The second graph has bounded degree and diameter logarithmic in the number of vertices (because any field element is $e$ times a polynomial in $g$); isn't that enough to make it an expander? –  Noam D. Elkies Mar 22 '13 at 18:12
    
@Noam: sorry, do not get it. First, any (non-zero) field element is actually just a power of $g$. Second, I do not see why the diameter being logarithmic implies that the graph is an expander. (To my understanding, it does not - am I missing something? Could you expand? :-) ) –  Seva Mar 22 '13 at 18:46
    
Any field element is $e P(g)$ for some polynomial $P$ of degree $<n$. Thus it can be reached from $0$ in at most $2n$ steps. But I'm not sure whether this implies that the graph is an expander (the reverse direction is known). –  Noam D. Elkies Mar 22 '13 at 19:08

1 Answer 1

up vote 7 down vote accepted

Freddie Manners is right: graphs (1) and (2) are not expanders for any choice of $g$. For (1), he already showed this by exhibiting large vertex sets with $O(1)$ neighbors. For (2) we prove it below by contructing vectors $v$ orthogonal to the all-$1$ vector for which the Rayleigh quotient $\langle Av, v \rangle / \langle v, v \rangle$ is within $o(1)$ (indeed $O(1/n)$) of the graph degree, thus proving that there is no spectral gap. Graph (3) is probably an expander, because the maps taking $z$ to $z^{-1}$ and $z+2$ generate a congruence subgroup of index 3 in ${\rm PSL}_2({\bf Z})$ (as Serre notes in the very last section of A Course in Arithmetic), and the graph vertices can be identified with an orbit of cusps of a modular curve of level $2^n$, so one should be able to use the $3/16$ bound on that curve; but I'll leave that to the folks who actually know these techniques.

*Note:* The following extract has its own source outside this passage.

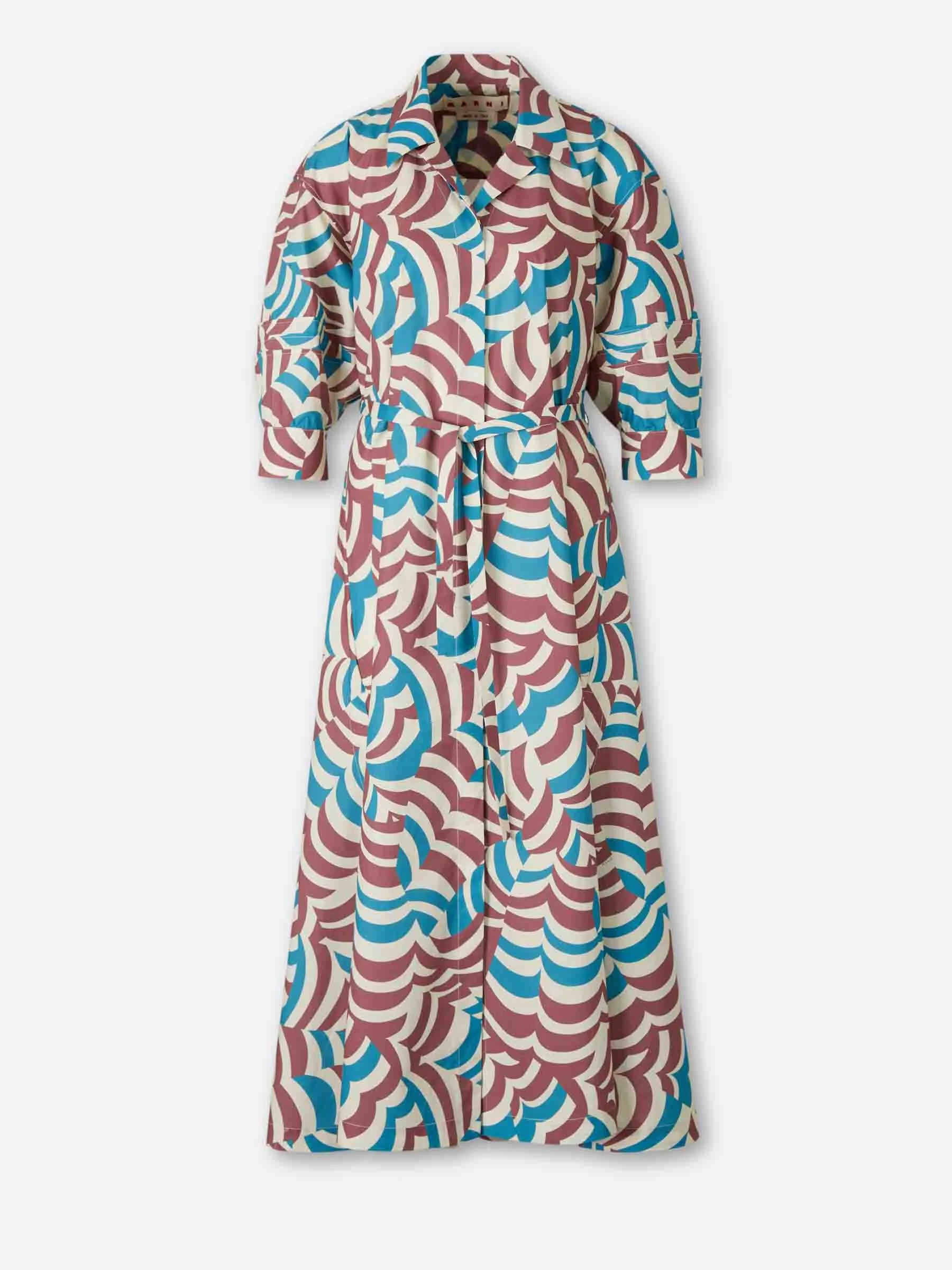 SKU: 721-000743 01 BRAND ID: ABMA1550A1UTC625 Dress By Marni • Midi dress • Regular fit with smooth drape • Made from cotton fabric • Front button closure • Geometric print • Matching belt • Composition: 100% cotton • Made in: Italy

For (2): let $k$ be a finite field of $2^n$ elements, and consider the graph where each $z$ is adjacent to $gz$ $-$ and thus also to $g^{-1} z$ $-$ and to $z+e$. Fix a nontrivial homomorphism $\epsilon$ from $(k,+)$ to the group $\lbrace\pm1\rbrace$; the usual choice is $\epsilon(x) = (-1)^{{\rm Tr}(x)}$. Then for each $c \in k$ we have a homomorphism $\epsilon_c: (k,+) \rightarrow \lbrace\pm1\rbrace$ defined by $\epsilon_c(x) = \epsilon(cx)$, and these $\epsilon_c$ form an orthonormal basis for the Euclidean space of real-valued functions on $k$ with inner product $$ \langle f, g \rangle := \frac1{2^n} \sum_{x\in k} f(x) g(x). $$ So we're seeking a linear combination of the $\epsilon_c$ with $c \neq 0$ that is almost fixed by the adjacency matrix $A$ in the sense that $\langle Av, v \rangle / \langle v, v \rangle = 3 - O(1/n)$.

Write $A = A_1+A_2$ where $A_1$ is induced by translation by $e$ and $A_2$ is induced by multiplication by $g^{\pm 1}$. Then for each $c \in k$ we have $A_1 \epsilon_c = \epsilon(ce) \epsilon_c$ and $A_2 \epsilon_c = \epsilon_{gc} + \epsilon_{g^{-1}c}$. We shall take $v = \sum_{i=1}^{n-1} \epsilon_{g^i c}$ for some $c\neq 0$, so $\langle v, v \rangle = n-1$ and $\langle A_2 v, v \rangle = 2n-4$. We next show that $c$ can be chosen so that $v$ is an eigenvector of $A_1$, corresponding to the eigenvalue $1$. Because $\lbrace c : \epsilon(ce) = +1 \rbrace$ is a $({\bf Z}/2{\bf Z})$-subspace of $k$ of codimension $1$, the same is true of $\lbrace c : \epsilon(g^i ce) = +1 \rbrace$ for each $i$, so the intersection of these $n-1$ subspaces has positive dimension. Choosing nonzero $c$ in this intersection makes $A_1 v = v$ as claimed. Then $$ \langle A v, v \rangle = \langle A_1 v, v \rangle + \langle A_2 v, v \rangle = (n-1) + (2n-4) = 3n-5 = (3-O(1/n)) \langle v, v \rangle, $$ QED.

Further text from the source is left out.